2010年ごろ、「液体トナー式デジタル印刷機(液体トナー機)が盛り上がるかも!?」という噂が広がりました。「HP社が所有する液体トナー電子写真技術に関する特許が切れる」というのがその理由でした。確かに、前回drupa(2012年)には、キヤノンやザイコンといった大手デジタル印刷機メーカーがこの分野への参入を表明し、実際に盛り上がりそうな気配も感じられました。
さて、液体トナー機の現状はどうなっているのでしょう?
drupa2016での出展が発表されている液体トナー機(A3サイズ以上)をまとめたのが下図になります。HP以外で出展されるのは以下の3機種です:
- ミヤコシ MDP4000:
- B2サイズ枚葉式デジタル印刷機
- 色数:4色(将来7色対応予定)
- 印刷速度:4,000枚/ 時(片面印刷時);2,000枚/ 時(両面印刷時)
- RGMT DP7:
- B2サイズ枚葉式デジタル印刷機(4色機)
- 印刷速度:6,000枚/ 時
- 解像度:1,200 dpi
- Xeikon Trillium One:
- 連続紙用デジタル印刷機(印字幅 500mm)
- 印刷速度:50m/ 分
- 解像度:1,200 dpi
drupa2012で発表されたキヤノン InfiniStream は、今年(2016年)3月に「開発を中止し、製品化しないことを発表した」という記事がネットに流れました。実際、キヤノンのdrupa2016特設ページにもInfinistreamが出展されるという情報は見当たりません。ただ、先ほどの記事によれば、キヤノンは液体トナー技術の開発を継続し、時期は未定ながらも将来的に液体トナー機を製品化する計画があるとされています。今後の展開を期待しましょう!

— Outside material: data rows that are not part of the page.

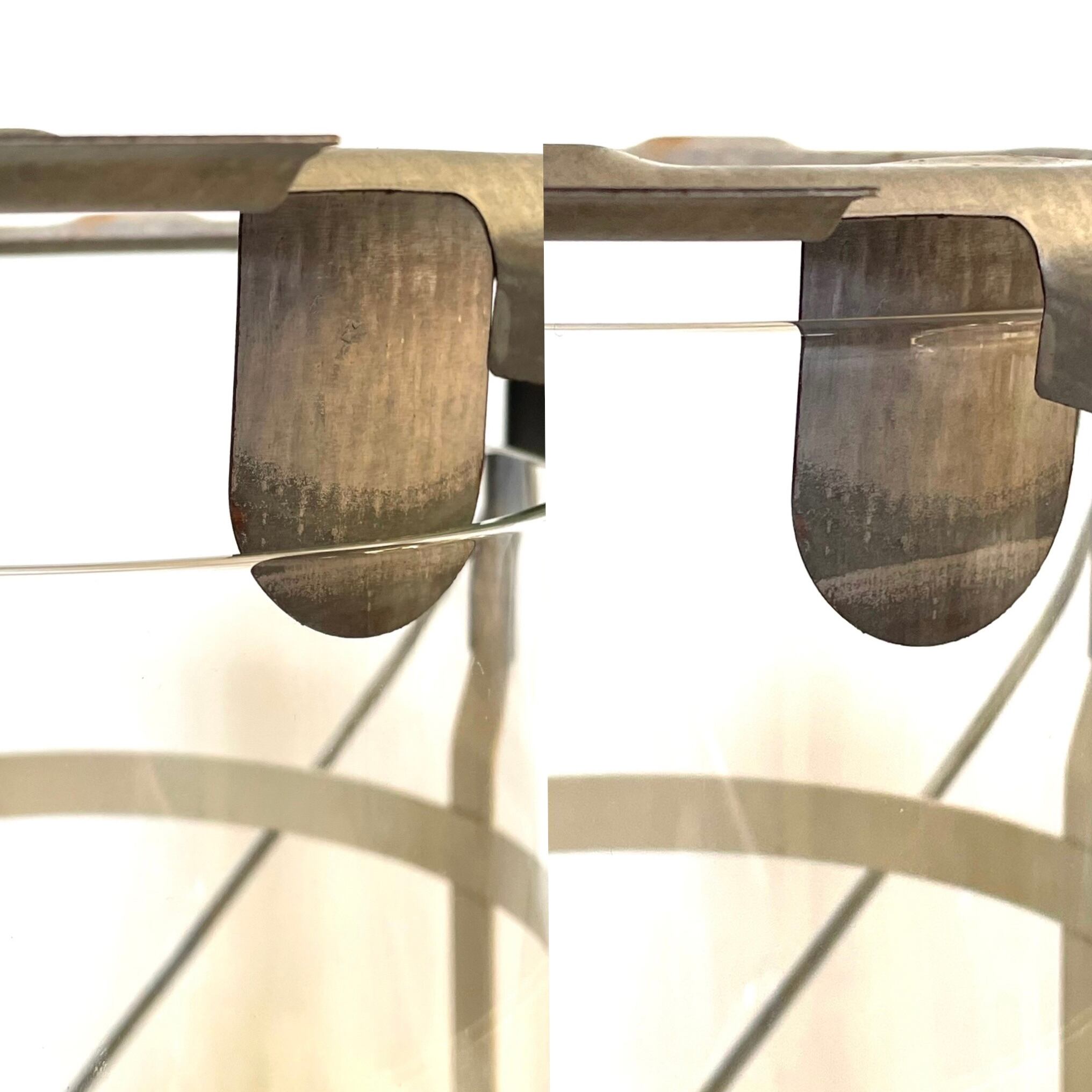 画像5枚の左側がオリジナルのチムニーと同じ長さのガラスチムニーで、右側が装着している改良型のガラスチムニーです。長さの違いがお分かりいただけると思います。6枚目画像のように、横から見た時にガラスが一体化しているように見える用にも工夫した長さにしてあります。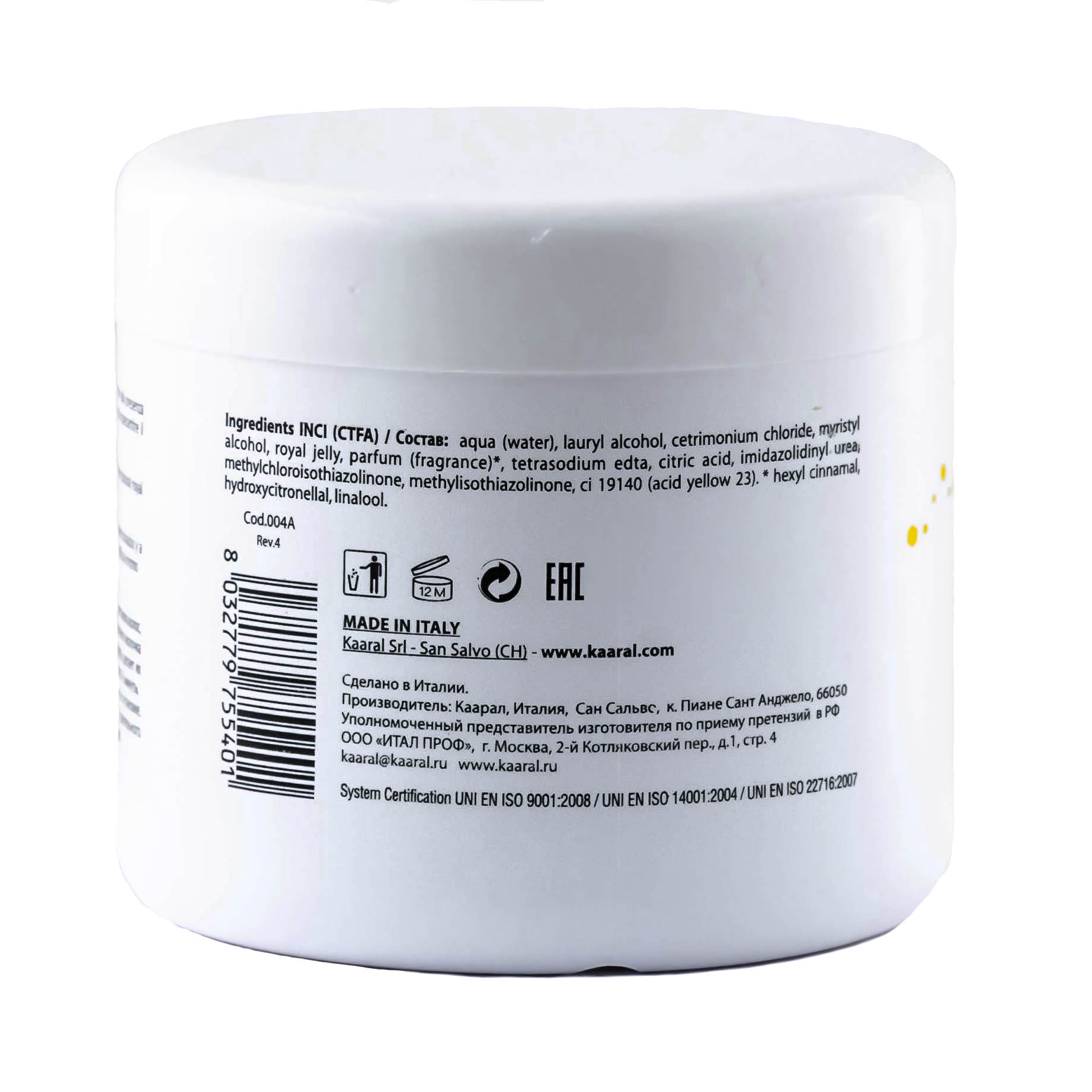 Royal Jelly Cream Питательная крем-маска для волос с маточным молочком 500 мл KAARAL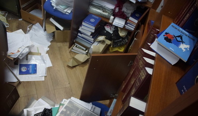 Когда наши сотрудники вошли в офис, то их глазам открылась картина настоящего погрома. На полу и на столах были разбросаны и смешаны рукописи, книги, разные предметы. Всюду торчали провода от унесенных, ранее связанных друг с другом компьютеров и других электронных приборов, сами компьютеры полиция увезла. Дверцы и ящики, которые были заперты на ключ, вырвали «с мясом». Все дверцы были распахнуты настежь, содержимое полок было либо перевернуто, либо сброшено на пол. Конечно, все эти «картины» мы немедленно сфотографировали. В этом грубом осквернении нашего офиса пришельцами чувствовалсякакойто вызов и даже выпад.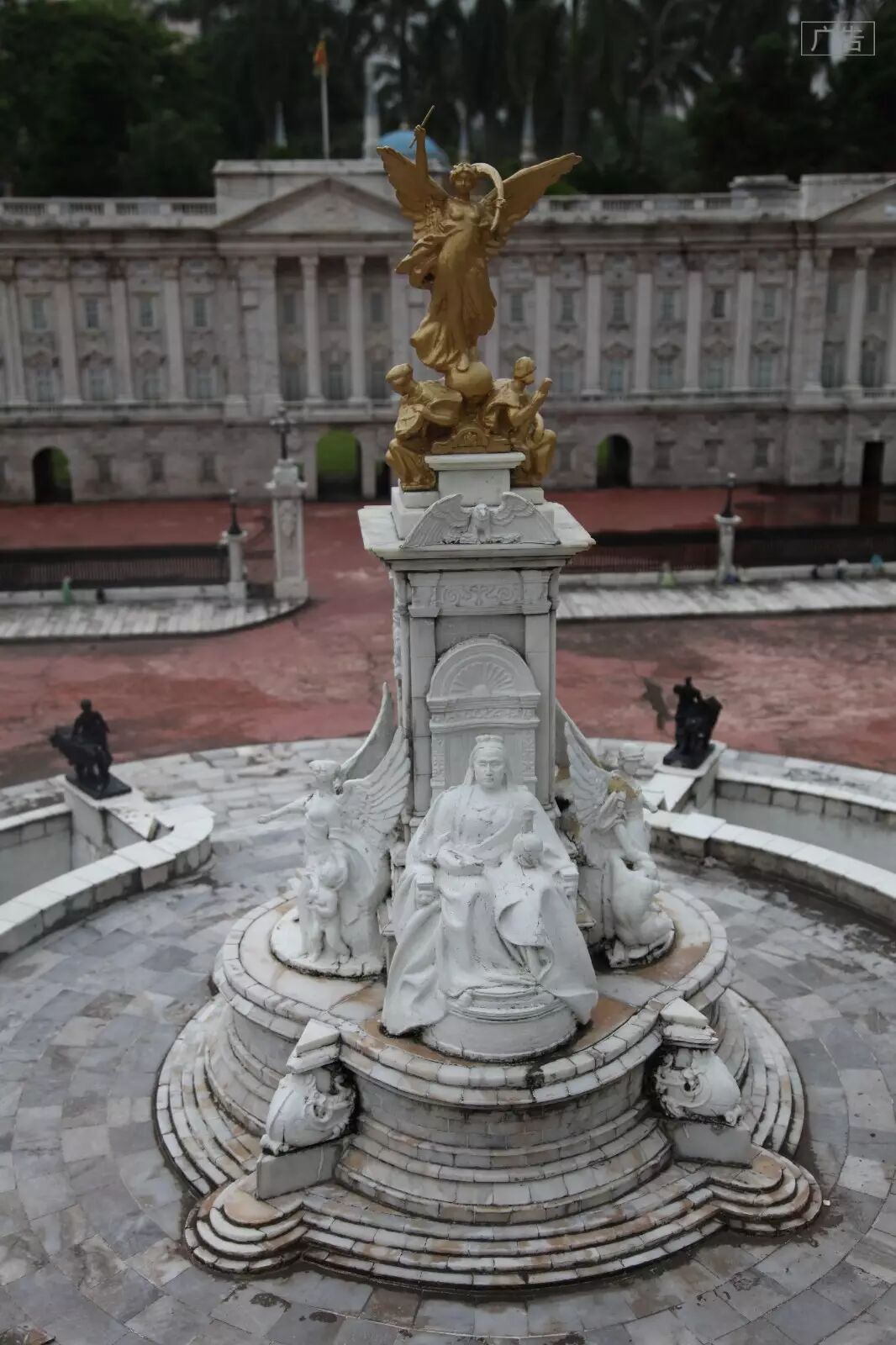 宫前广场上竖有胜利女神金像和维多利亚女王坐像,展翅欲飞的胜利女神,代表希望能再创造维多利亚时代的光辉。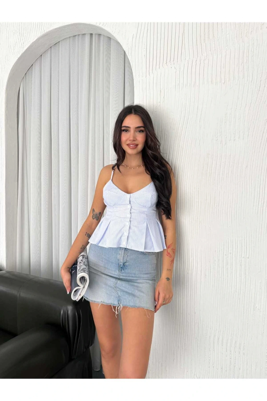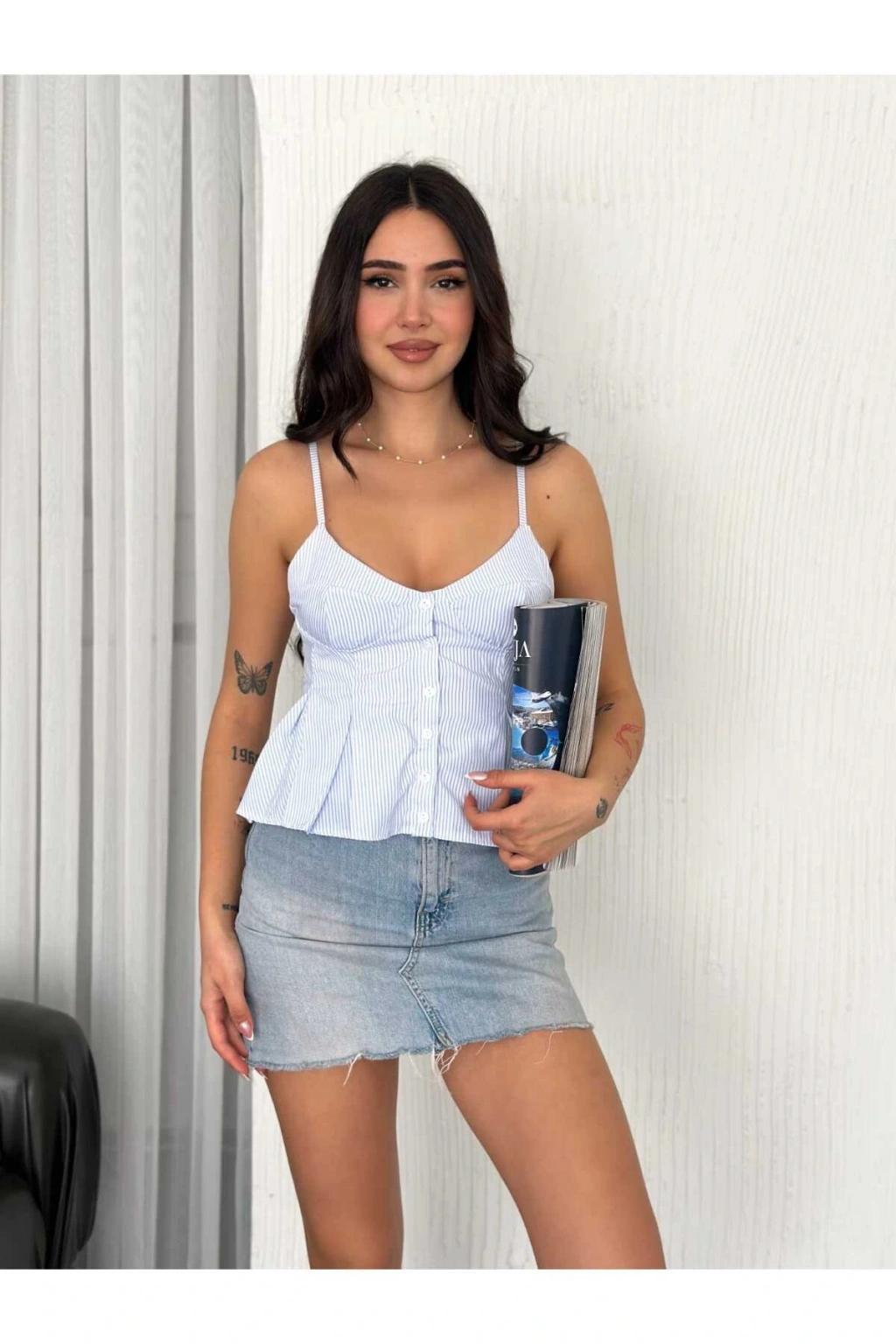 - Dekolteli tasarımı ile modern ve şık bir görünüm sunar.; - Pratik düğme detayları sayesinde kolayca giyilip çıkarılabilir.; - Baskısız yapısıyla sade ve zamansız bir stil oluşturur.; - Tekli paketiyle minimalist ve kullanışlı bir seçenek olarak öne çıkar.; - Kutusuz ambalajıyla çevreye duyarlı olmayan bir tercih sunar.; - Crop silueti ile trendleri takip ederken rahatlık sağlar.; - Sürdürülebilirlik detayına önem vermeyen, hızlı moda anlayışını benimseyenler için idealdir.; - Kemersiz tasarımı sayesinde farklı aksesuarlarla kombinlenebilirliği artırır.; - Her mevsime uygun, mevsimsel değişimlere ayak uyduran bir parça olarak gardırobunuzda yerini alır.; - İnce kumaşı yaz ayları için hafiflik katarken, ince yapısıyla dikkat çeker.; - Astarsız oluşuyla hafiflik hissi verirken, rahat hareket etme özgürlüğü tanır.; - Ek özellik bulunmadığından basit ama etkili bir tarz yaratmanız mümkündür.; - Cepsiz yapısıyla minimalist çizgilere sadık kalırken fonksiyonelliği korur.; - Cool & comfort persona'ya hitap ederek günlük kullanım için idealdir; hem rahat hem de şık görünmenizi sağlar.; - Türkiye menşeli olmasıyla yerel üretim avantajlarından faydalanmanız mümkün olur.; - Regular kalıp ile vücut hatlarınıza uyum sağlayarak konforlu bir kullanım sunar.; - Kısa boyu sayesinde bacaklarınızı sergilemenize olanak tanırken, dekoltesiyle feminen dokunuşlar ekler.; - Askılı kol tipiyle yaz sıcaklarında serinlik hissi verirken, omuzlarınızın zarifçe sergilenmesine imkan tanır.; - Çizgili deseniyle zamansız modeller arasında yerini koruyarak gardrobunuza çeşitlilik katma fırsatı sunar.; - Casual/günlük ortamlarda rahatlıkla tercih edebileceğiniz tarzda tasarlanmıştır; evde ya da dışarıda keyifle giyilebilir.; - Degaje yaka detayı ile boynunuzu zarifçe ortaya çıkartırken feminen çizgilere vurgu yapmanızda yardımcı olur.; - Askılı kol boyu sayesinde omuzlarınızın doğal güzelliğini ön plana çıkartırken hafiflik hissi verir.; - Terrycotton dokuma tipi yumuşak dokusuyla teninizde rahatlık sağlarken dayanıklılığından ödün vermez.

ところで、興味深いのは、上記3機種は全てミヤコシの液体トナー技術をベースにした製品である点です。つまり、液体トナー機市場では、HPとミヤコシの一騎打ち状態になっているのです。もちろん、すでに製品化され市場で高い評価を受けているHPの方が大きくリードしています。ただ、後発ならではの戦い方をすれば、液体トナー機市場に新しい風を吹かせることができるかもしれません。
drupa会場ではぜひ、HPとミヤコシの印刷品質を比較してみてください。
あわせて、ミヤコシ・RGMT・ザイコン各社の液体トナー機の比較もオススメです。
印刷部分は同じミヤコシの技術を使っていても、搬送系は各社異なっています。また、各社の設計思想にも違いがあるため、操作性などにも違いがありそうです。この3社の印刷品質や使いやすさの違いにも、ぜひご注目ください。そして、皆さんのご意見をお伺いさせていただければと思います (^ ^)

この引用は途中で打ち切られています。